# US plated car only to be sold in the US?



## Miniflexalex (Jun 14, 2012)

Hello,

My girlfriend and I moved to GTO in July 2012, we drove down there from Michigan in our US plated car.
Both of us have the FM3.

We now decided that we don't need the car anymore and we would like to sell it.
Reading thru some of the threads here in this forum, it seems like that it is an absolute no-go to sell the car in Mexico.

So the only option is to drive it back up north, cross the border to Texas and sell it in Texas. Problem is, our US plate expired and so did the US insurance (we do have MX insurance). CarMax only buys cars with up-to date registration....
That being said, it seems like I have to get my plates renewed and my US insurance as well in order to be able to drive in the US and to sell it.
Now, would I even get my registration renewed since I don't reside in the US anymore, same for the insurance.....

Oh boy, what a hassle that is....if I could turn back the time I'd fly down to GTO and buy a car locally.


Is there a company specialized in those transactions? Basically picking up the car at my house in GTO, transport it into the US and drop it off at a dealership? All the paperwork included?

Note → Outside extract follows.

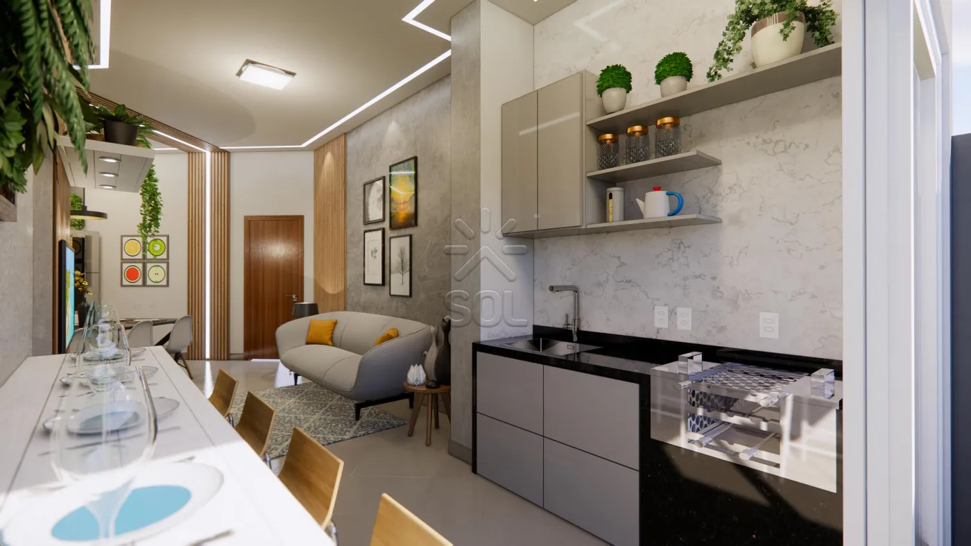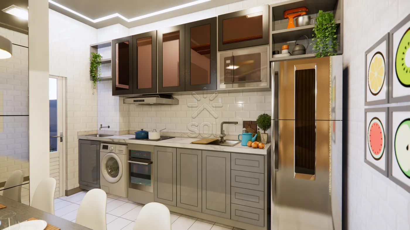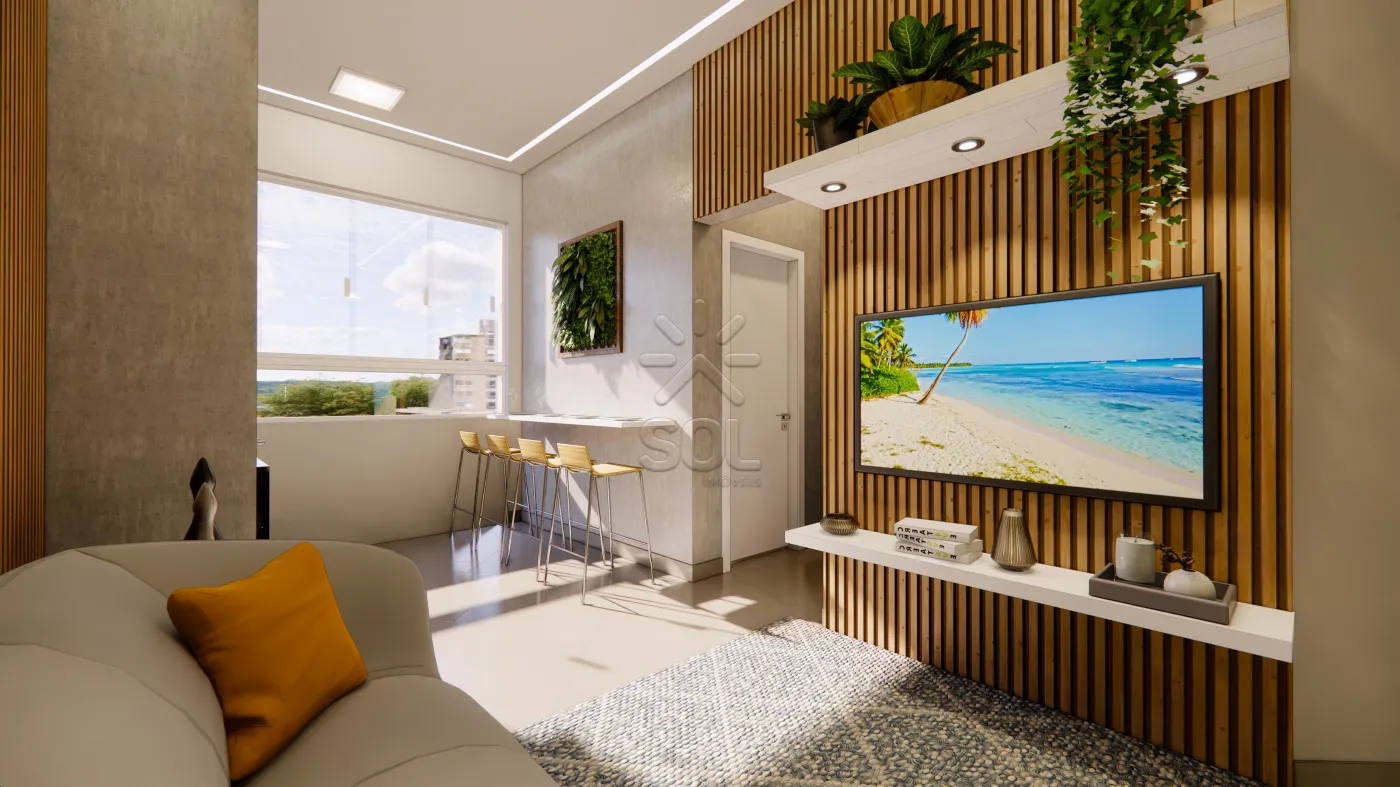 2 dormitórios (sendo uma suíte), varanda fechada e integrada ao living com grill, banheiro social e 1 vaga de garagem.

Thank you so much I advance for your input, I truly need some advice from experienced persons who went thru the same as I.


----------



## RVGRINGO (May 16, 2007)

As you have discovered, you may not sell the car in Mexico. So, I suggest that you take it to Texas and beg for transit plates (paper tags) if you wish to return to your Michigan, where it may be easier to renew your plates and insurance. 
By allowing your plates and insurance to expire, you have created a problem that only you can solve.
That said, you might want to look into getting title and plates from Clay County, SD, if you are a US citizen or have a Social Security number. They are the only county to do it, and are very helpful. If you qualify, call them at (605)677-7123 for instructions.


----------